The UK’s Financial Services Authority (FSA) has issued a statement that insurance firms will be expected to demonstrate "appropriate controls" with regard to internal data flow systems, such as spreadsheets.
The FSA recently addressed the issue of spreadsheet risks in its report Solvency II: internal model approval process data review findings.
In the report, the FSA said: "We will be looking for appropriate controls for data quality such as reasonableness checks, input validations, peer reviews, logical access management, change and release management, disaster recovery, and documentation."
In a data review of both life and general insurance firms, the FSA paper said many firms had automated spreadsheets, for example, using macros to reduce manual intervention, and some relied on spreadsheet management tools to determine the dependency of interlinked spreadsheets and to apply controls such as audit trail and version management.
Although the automation of spreadsheets reduces the risk of manual error, the FSA said it can also introduce different problems such as reduced oversight and inadequate transparency about the extent of linking and proliferation of nested linked spreadsheets.

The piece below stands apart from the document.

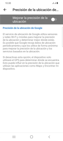 Pulsa el indicador junto a "Mejorar la precisión de la ubicación" para desactivar la función. Si desactivas la función, el teléfono podrá encontrar tu posición exacta con ayuda de los satélites GPS, pero le llevará más tiempo ya que no tiene acceso a informaciones complementarias de la red móvil o una red Wi-Fi cercana.
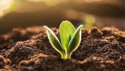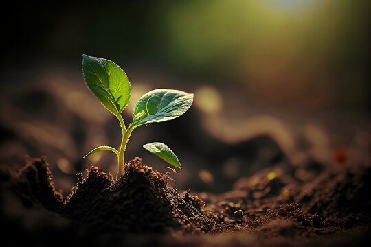 pequeno broto de planta crescendo em solo fertil e umido

It noted that linked spreadsheets typically pass only single numerical values, without an indication of the date of last update, creating the risk of passing stale data around the system.
The FSA paper comes after Basel Committee released a consultation paper in June 2012 called ‘Principles for effective risk data aggregation and risk reporting’.
This said where a bank relies on manual processes and desktop applications including spreadsheets, databases, and has specific risk units that use these applications for software development, it should have effective mitigants in place, for example, end-user computing policies and procedures and other effective controls that are consistently applied across the bank’s processes.
Responding to the papers from the FSA and Basel Committee, Ralph Baxter, CEO of ClusterSeven, a data management company: "The failure of businesses to fully understand, control and monitor data held in spreadsheets leaves businesses worryingly exposed to unacceptable risks and recent indicators from the regulators now suggest that firm action will be taken against those that bury their head in the sand."
Baxter added: "We know that many institutions have to contend with thousands, if not millions of spreadsheets. It is unsurprising that regulators are now openly pushing that without effective data management controls in place to manage spreadsheet estates, insurers and banks are leaving themselves dangerously exposed to significant but avoidable business risks."
Research carried out by ClusterSeven earlier this year found that 77% of senior level insurance executives would welcome more specific guidance on best-practice use of the spreadsheets in the run-up to Solvency II.
ClusterSeven also found that only 20% of actuaries and insurance finance professionals are completely confident of their firm’s data control processes and the supervision of their large estates of spreadsheets.